If you’re like me, you’re probably wondering what the difference is between the async option and soft updates. One important difference is that soft update code has been designed to maintain filesystem consistency in the event of a system crash, while the async option has not. This might lead you to conclude that async performs better than soft updates. However, as I show in Appendix D, the opposite is true.

Previously, I mentioned that UFS performance, especially writing, depends on the amount of free space. Disk writes for empty filesystems are much faster than for full ones. This is one reason behind UFS’s minfree parameter and space/time optimization tradeoffs. If your cache disks are full and Squid’s performance seems bad, try reducing the cache_dir capacity values so that more free space is available. Of course, this reduction in cache size also decreases your hit ratio, but the response time improvement may be worth it.
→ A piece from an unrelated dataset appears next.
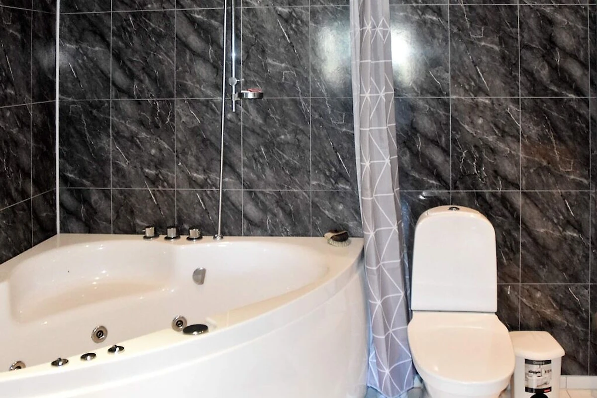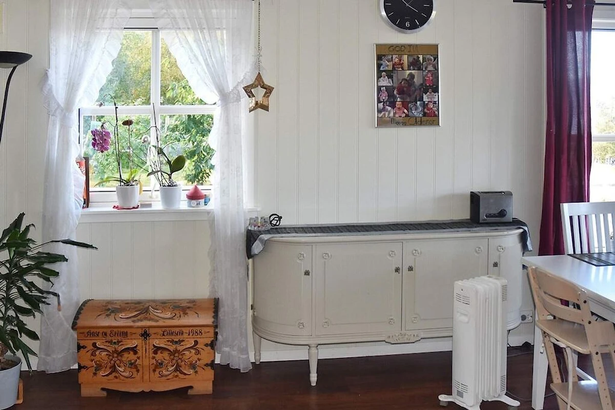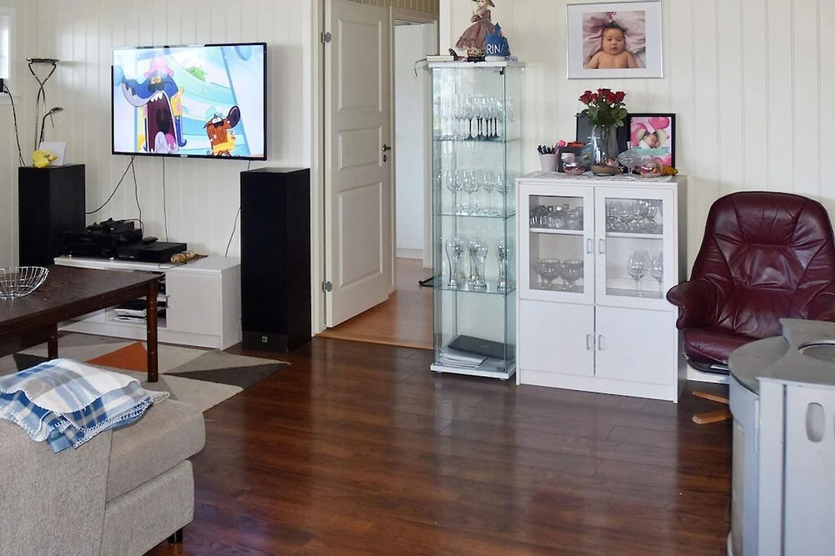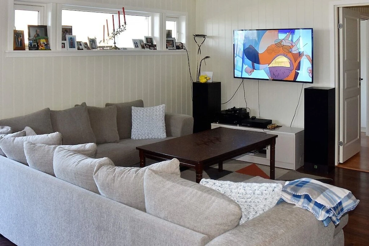 Keuken(1-pers. vouwbed, fornuis(elektrisch), afzuigkap, koffiezetapparaat(filtermaling), wafelijzer, magnetron, afwasmachine, koelkast, vriezer(200-249L), wasmachine, kinderstoel), woon/slaapkamer(36 m2)(TV(satelliet, duitse zender(s), noorse TV zenders (NRK en TV2)), radio), slaapkamer(2-pers. bed, kinderbed), slaapkamer(1-pers. bed), slaapkamer(2x 1-pers. bed), badkamer(vloerverwarming)(bad of douche, wasbak, toilet), badkamer(vloerverwarming)(wasbak, toilet), bubbelbad(in huis, 2 personen), verwarming(elektrisch), terras(23 m2), terras(overdekt, 11 m2), tuinmeubilair, BBQ, parking, zwembad(buiten), lucht-lucht warmtepomp
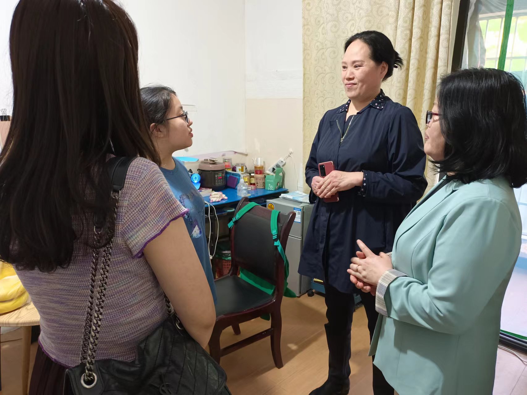 为进一步加强学生的教育、管理与服务工作,及时了解学生的思想动态。4月15日,风景园林学院学工办集中走访学生宿舍,实地了解学生在宿舍的学习、生活、心理等情况,为学生送去关心和问候。风景园林学院党委副书记刘智娟,院团总支书记袁杨,全体本科生辅导员参加本次活动。

If you’re buying the components for a new Squid cache, consider getting much larger disks than you need and using only half the space.

Alternative Filesystems

Some operating systems support filesystems other than UFS (or ext2fs). Journaling filesystems are a common alternative. The primary difference between UFS and journaling filesystems is in the way that they handle updates. With UFS, updates are made in-place. For example, when you change a file and save it to disk, the new data replaces the old data. When you remove a file, UFS updates the directory directly.

A journaling filesystem, on the other hand, writes updates to a separate journal, or log file. You can typically select whether to journal file changes, metadata changes, or both. A background process reads the journal during idle moments and applies the actual changes. Journaling filesystems typically recover much faster from crashes than UFS. After a crash, the filesystem simply reads the journal and commits all the outstanding changes.

The primary drawback of journaling filesystems is that they require additional disk writes. Changes are first written to the log and later to the actual files and/or directories. This is particularly relevant for web caches because they tend to have more disk writes than reads in the first place.

Journaling filesystems are available for a number of operating systems. On Linux, you can choose from ext3fs, reiserfs, XFS, and others. XFS is also available for SGI/IRIX, where it was originally developed. Solaris users can use the Veritas filesystem product. The TRU64 (formerly Digital Unix) Advanced Filesystem (advfs) supports journaling.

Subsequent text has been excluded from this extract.